A moving day

Spring has sprung and things, or rather people, are on the move. My friend and neighbour is relocating to ghastly Cobham, home of Chelsea Football Club’s training ground, thereby exchanging Desperate Housewives for Footballers’ Wives.  On the plus side she has sold her house to a real life celebrity – not, thank God, a Kardashian – but someone whose most  recent film was on at the local Odeon only weeks ago.

I can’t remember when the neighbourhood was last in such a tizzy, possibly  not since Brad and Angelina took their children to the local Pottery Cafe but in this instance I had a cast iron excuse to pop round with a bottle of Bolly and introduce myself which would have been slightly out of place at a kiddy painting party.

And what delightful people they are!  In a spirit of neighbourlyness I even offered to vet the guest list for their house warming party – so easy to invite quite the wrong types when you are new to an area – and to organise some staff for the evening which, thoroughly grounded as they are, they declined.

Big mistake.  Half the people I know, and that would be the male half, only ever accept invitations in the certain knowledge that their hosts’ home will be awash with nubile young teenage girls in very short black skirts plying them  with drinks.  It is almost unnecessary to provide food at all!  People were going to be seriously peeved.

The invitation stated that we should arrive from five o’clock. “That’s because he has to be up early for filming” we opined knowingly before wondering whether the dress code would be cocktail or tea dresses. Oh the social minefield to say nothing of the choice of gift.  I opted for an Oxfam allotment, a follow up to the goat that I gave everyone last year.
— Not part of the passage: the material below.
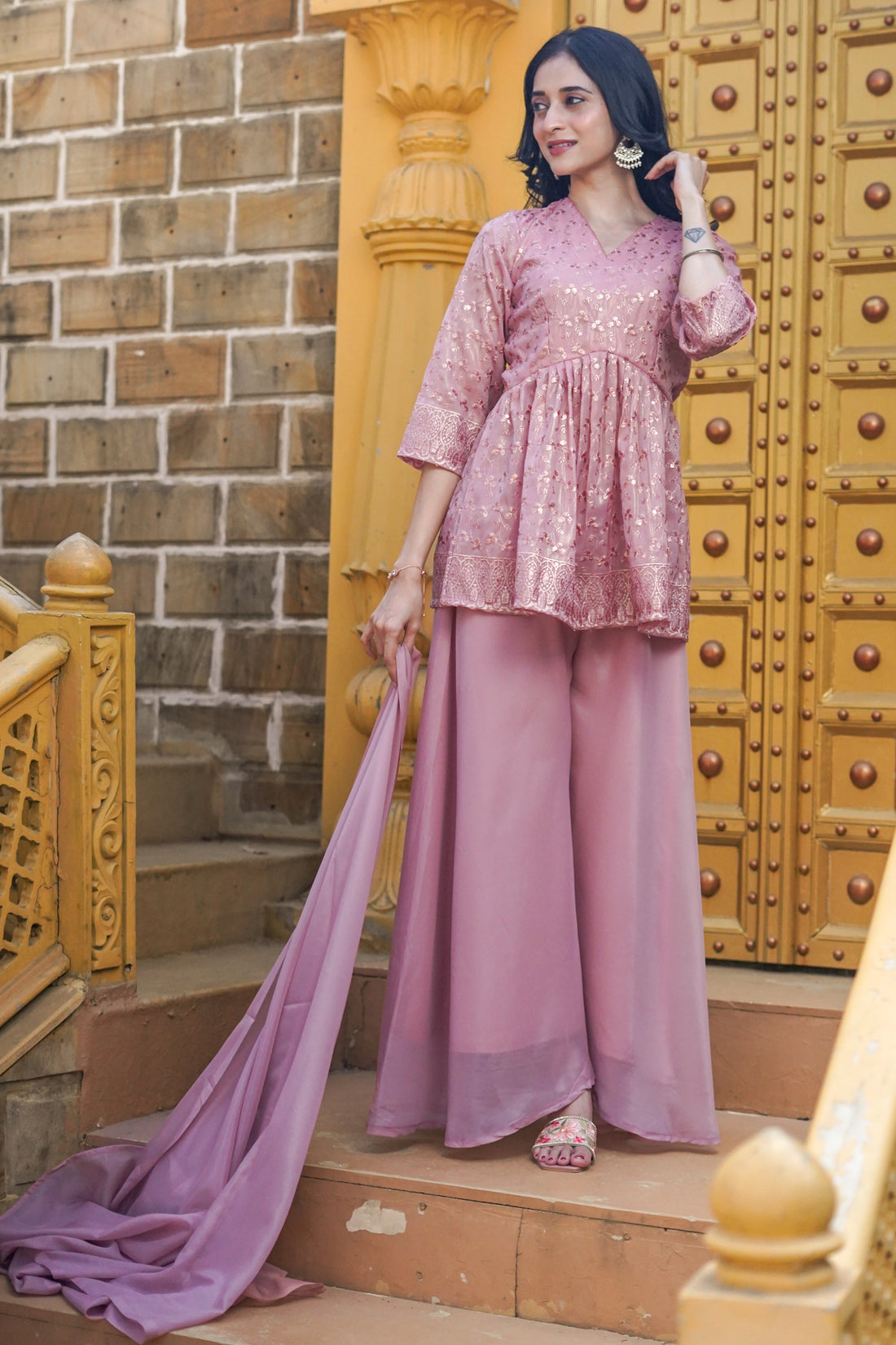 Quartz Pink Embroidered Paplum & Palazzo- 52470A

Prior to my arrival Useless the Younger went up and down the street about twenty times noting the names of the other guests, the price I had demanded for taking him with me.  Good sign – no cars outside.  Everyone had obviously arrived in a limo.
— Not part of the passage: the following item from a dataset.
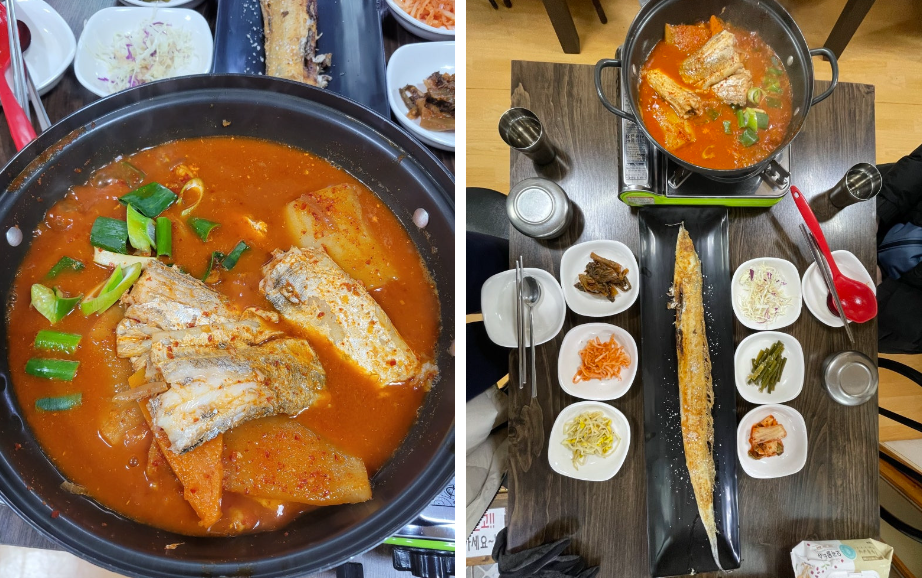 모슬포에는 음식점이 많지 않아 갈만한 곳이 적은데, 그나마 관광객들에게 많이 알려져 찾게 되는 갈치조림 전문점입니다. 제주도내 다른 집들과 맛은 비슷하고, 음식 재료의 품질은 중간 정도입니다. 소박한 반찬과 함께 조림과 통갈치구이가 나옵니다.

When I worked at ITN  I was constantly and irritatingly asked if I met lots of interesting people, such is the myth of glamour that surrounds anything to do with the telly.  The answer to which was, of course, a resounding no, never.  And so it proved with the so-called starry party goers.  Far from standing around being famous and handing out signed photographs, they were all just rendered speechless at the thought of being somewhere where we all knew each other – all too well – where you could park your car outside your house and it would still be there next day and where no-one is selling drugs on the street corner.  Round here they are probably delivered.  By Ocado.

This was a world previously unknown to them, the like of which they had only ever read about in scripts which never got made.  Best of all it proved a salutary lesson to Young Useless.   90% of famous people are small and dull and you don’t want to be one of them.  As for me I think I’ll be house hunting too.  Celebrities?  There goes the neighbourhood.